Soluble transferrin receptor (sTfR) is a new diagnostic tool for determining iron status and erythropoietic activity. The increased concentrations of sTfR in patients with iron deficiency reflect the hyperplasia of erythroid precursors. The objective of this study was to evaluate sTfR and sTfR/log ferritin index (sTfR-F) values in healthy children (n = 64), full-term neonates (n = 18), children with iron deficiency (n = 16), hemolytic anemia (n = 7), beta-thalassemia traits (n = 18), respiratory infections (n = 41) and malignancies (n = 13), and to compare these parameters for the different subgroups with those of healthy children.

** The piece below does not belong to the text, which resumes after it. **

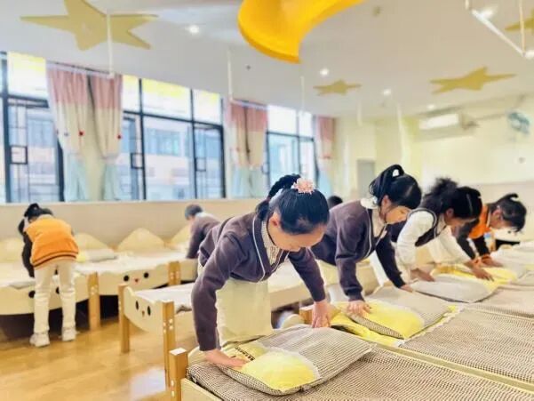 在黄广牛剑幼儿园,收拾书包、擦桌子、叠被子这些看似平凡的自理项目,是孩子们从三岁起便开始的“必修课”。

The sTfR levels were increased in children with iron deficiency in the same way as in adults (p < 0.0001) and in cases of increased erythropoietic activity, such as during the neonatal period (p < 0.0001), and of hemolytic anemias (p = 0.006). The index was significantly increased in iron deficiency (p < 0.0001) and decreased in neonates (p = 0.011). Children carriers of beta-thalassemia were found to have increased sTfR values (p = 0.015), but not sTfR/log ferritin index (p = 0.491), a finding suggesting that use of both parameters is necessary for distinguishing between those with and those without iron deficiency. In children with upper respiratory infection, the sTfR levels were close to normal, while the index was found to be low. In order to evaluate the iron status in infections, we further subdivided the children into two groups according to the value of ferritin, with the cut-off point at 35 microg/L. Children with ferritin level above 35 microg/L experienced normal sTfR levels but very low index, a finding which could enable the use of these two parameters for distinguishing patients with infection without concomitant iron deficiency. In the group of malignancies under chemotherapy both indices were low (p = 0.005, p < 0.0001) mainly due to myelosuppression.

The interpretation of both sTfR and sTfR/log ferritin index is useful in the evaluation of iron status and erythropoietic activity, especially in children with heterozygous beta-thalassemia, infection and malignancies.